Ingredients
- 1 1/2 litres chicken stock
- 25g butter
- 2 tablespoons olive oil
- 1 large brown onion, finely chopped
- 2 garlic cloves, crushed
- 3 cups arborio rice
- 2 tablespoons finely chopped fresh sage leaves
- 2 teaspoons finely grated lemon rind
- 3 x 200g chicken breast fillets
- 1 cup grated parmesan
- 100g baby spinach
Method
1. Place stock and 3 cups cold water in a large saucepan over medium heat. Cook for 10 minutes or until mixture starts to simmer. Reduce heat to low to keep hot.
2. Heat butter and half the oil in a large, heavy-based saucepan over medium heat. Add onion and garlic. Cook, stirring, for 5 minutes or until onion has softened. Add rice. Stir to combine. Reduce heat to low. Add 1/2 cup stock mixture to rice mixture. Cook, stirring, until stock has absorbed. Repeat with remaining stock, 1/2 cup at a time, until all liquid is absorbed and rice is tender and creamy.

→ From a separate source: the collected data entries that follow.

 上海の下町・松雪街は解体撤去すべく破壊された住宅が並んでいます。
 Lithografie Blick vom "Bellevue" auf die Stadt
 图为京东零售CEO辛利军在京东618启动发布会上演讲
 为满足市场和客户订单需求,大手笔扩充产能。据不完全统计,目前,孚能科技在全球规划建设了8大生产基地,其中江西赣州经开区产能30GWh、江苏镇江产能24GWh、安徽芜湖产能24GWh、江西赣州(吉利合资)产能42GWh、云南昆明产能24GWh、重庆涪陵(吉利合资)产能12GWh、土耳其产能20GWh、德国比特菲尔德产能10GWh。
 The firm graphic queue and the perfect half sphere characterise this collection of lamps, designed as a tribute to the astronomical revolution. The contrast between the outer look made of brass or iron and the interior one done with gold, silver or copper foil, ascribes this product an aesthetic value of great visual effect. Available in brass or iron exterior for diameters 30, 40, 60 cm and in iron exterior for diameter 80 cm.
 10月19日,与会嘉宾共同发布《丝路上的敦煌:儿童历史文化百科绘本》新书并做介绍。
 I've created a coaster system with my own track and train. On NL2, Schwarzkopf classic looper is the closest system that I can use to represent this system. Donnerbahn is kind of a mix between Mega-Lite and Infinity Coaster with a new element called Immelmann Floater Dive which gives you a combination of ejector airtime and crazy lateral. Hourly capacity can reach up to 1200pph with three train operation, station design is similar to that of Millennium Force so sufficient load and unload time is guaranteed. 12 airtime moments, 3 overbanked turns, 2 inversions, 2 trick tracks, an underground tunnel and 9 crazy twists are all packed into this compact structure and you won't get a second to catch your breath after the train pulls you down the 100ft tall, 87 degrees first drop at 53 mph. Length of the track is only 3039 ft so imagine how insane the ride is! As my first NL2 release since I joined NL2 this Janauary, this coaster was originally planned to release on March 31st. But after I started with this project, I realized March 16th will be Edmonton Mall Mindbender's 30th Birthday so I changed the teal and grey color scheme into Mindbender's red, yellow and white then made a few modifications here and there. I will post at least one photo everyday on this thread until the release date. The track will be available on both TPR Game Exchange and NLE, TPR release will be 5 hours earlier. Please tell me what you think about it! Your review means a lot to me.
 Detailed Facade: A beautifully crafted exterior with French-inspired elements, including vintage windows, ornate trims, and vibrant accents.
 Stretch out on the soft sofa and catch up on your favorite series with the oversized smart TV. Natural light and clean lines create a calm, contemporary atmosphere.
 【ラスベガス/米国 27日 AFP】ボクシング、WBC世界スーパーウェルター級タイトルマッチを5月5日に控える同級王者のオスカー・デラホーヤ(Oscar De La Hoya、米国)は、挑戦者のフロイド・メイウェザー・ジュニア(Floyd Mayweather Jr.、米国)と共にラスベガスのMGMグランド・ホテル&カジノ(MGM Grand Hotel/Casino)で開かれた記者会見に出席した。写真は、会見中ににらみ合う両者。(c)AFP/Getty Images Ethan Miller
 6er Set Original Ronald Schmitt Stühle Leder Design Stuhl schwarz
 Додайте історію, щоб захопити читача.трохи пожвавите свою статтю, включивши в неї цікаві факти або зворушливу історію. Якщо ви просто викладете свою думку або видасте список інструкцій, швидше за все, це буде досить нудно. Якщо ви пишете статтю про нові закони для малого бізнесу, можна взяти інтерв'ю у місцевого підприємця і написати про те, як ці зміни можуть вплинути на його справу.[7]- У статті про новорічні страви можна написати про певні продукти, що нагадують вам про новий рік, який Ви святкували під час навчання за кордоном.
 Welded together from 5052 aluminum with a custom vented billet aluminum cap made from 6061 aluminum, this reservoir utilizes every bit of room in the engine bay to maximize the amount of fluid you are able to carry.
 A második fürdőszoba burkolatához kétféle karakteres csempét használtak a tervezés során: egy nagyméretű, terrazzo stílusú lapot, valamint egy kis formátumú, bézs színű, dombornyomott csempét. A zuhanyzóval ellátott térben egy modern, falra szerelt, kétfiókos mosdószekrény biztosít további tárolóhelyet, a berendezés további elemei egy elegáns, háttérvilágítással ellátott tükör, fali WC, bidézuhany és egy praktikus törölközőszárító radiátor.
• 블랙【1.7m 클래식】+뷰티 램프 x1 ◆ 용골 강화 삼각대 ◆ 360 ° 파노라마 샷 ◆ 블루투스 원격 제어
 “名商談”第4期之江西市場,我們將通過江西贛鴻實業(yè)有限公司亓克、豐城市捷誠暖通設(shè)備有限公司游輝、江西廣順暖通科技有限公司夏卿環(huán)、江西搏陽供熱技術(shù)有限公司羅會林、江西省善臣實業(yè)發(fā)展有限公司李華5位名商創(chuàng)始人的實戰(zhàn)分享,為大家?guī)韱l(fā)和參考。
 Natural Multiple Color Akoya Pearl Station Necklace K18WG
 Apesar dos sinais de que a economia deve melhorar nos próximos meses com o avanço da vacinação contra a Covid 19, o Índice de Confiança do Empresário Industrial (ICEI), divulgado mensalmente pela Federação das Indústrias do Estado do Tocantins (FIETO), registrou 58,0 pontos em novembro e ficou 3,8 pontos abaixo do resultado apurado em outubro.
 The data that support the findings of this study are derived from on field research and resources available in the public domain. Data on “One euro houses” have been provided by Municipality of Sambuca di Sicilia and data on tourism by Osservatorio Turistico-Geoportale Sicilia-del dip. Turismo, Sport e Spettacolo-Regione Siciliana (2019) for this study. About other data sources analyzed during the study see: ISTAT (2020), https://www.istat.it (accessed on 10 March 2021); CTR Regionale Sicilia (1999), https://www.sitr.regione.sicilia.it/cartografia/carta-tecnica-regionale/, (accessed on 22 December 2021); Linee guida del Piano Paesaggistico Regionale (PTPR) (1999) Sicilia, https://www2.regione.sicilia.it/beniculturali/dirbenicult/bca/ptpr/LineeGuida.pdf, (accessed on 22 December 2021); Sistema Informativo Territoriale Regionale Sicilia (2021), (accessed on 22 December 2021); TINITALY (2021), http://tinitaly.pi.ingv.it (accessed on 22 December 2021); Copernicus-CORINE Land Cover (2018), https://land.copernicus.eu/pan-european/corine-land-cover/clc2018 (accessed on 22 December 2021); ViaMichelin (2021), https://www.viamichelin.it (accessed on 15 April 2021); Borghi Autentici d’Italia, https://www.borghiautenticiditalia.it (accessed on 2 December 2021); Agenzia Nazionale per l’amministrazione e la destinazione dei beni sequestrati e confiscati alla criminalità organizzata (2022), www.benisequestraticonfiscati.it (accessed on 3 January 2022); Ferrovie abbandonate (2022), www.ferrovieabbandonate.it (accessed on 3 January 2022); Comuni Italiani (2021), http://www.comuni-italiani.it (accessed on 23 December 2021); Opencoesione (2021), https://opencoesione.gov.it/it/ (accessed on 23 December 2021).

3. Meanwhile, combine half the sage and lemon rind and remaining oil in a medium bowl. Add chicken. Toss to coat in oil mixture. Heat a large frying pan over medium-high heat. Cook chicken for 3 to 4 minutes each side or until cooked through. Slice thickly. Cover to keep warm.
4. Stir parmesan into risotto. Reserve half the risotto. Add spinach, remaining sage and lemon rind to remaining risotto. Cook for 1 to 2 minutes or until heated through. Season with salt and pepper. Serve risotto topped with sliced chicken.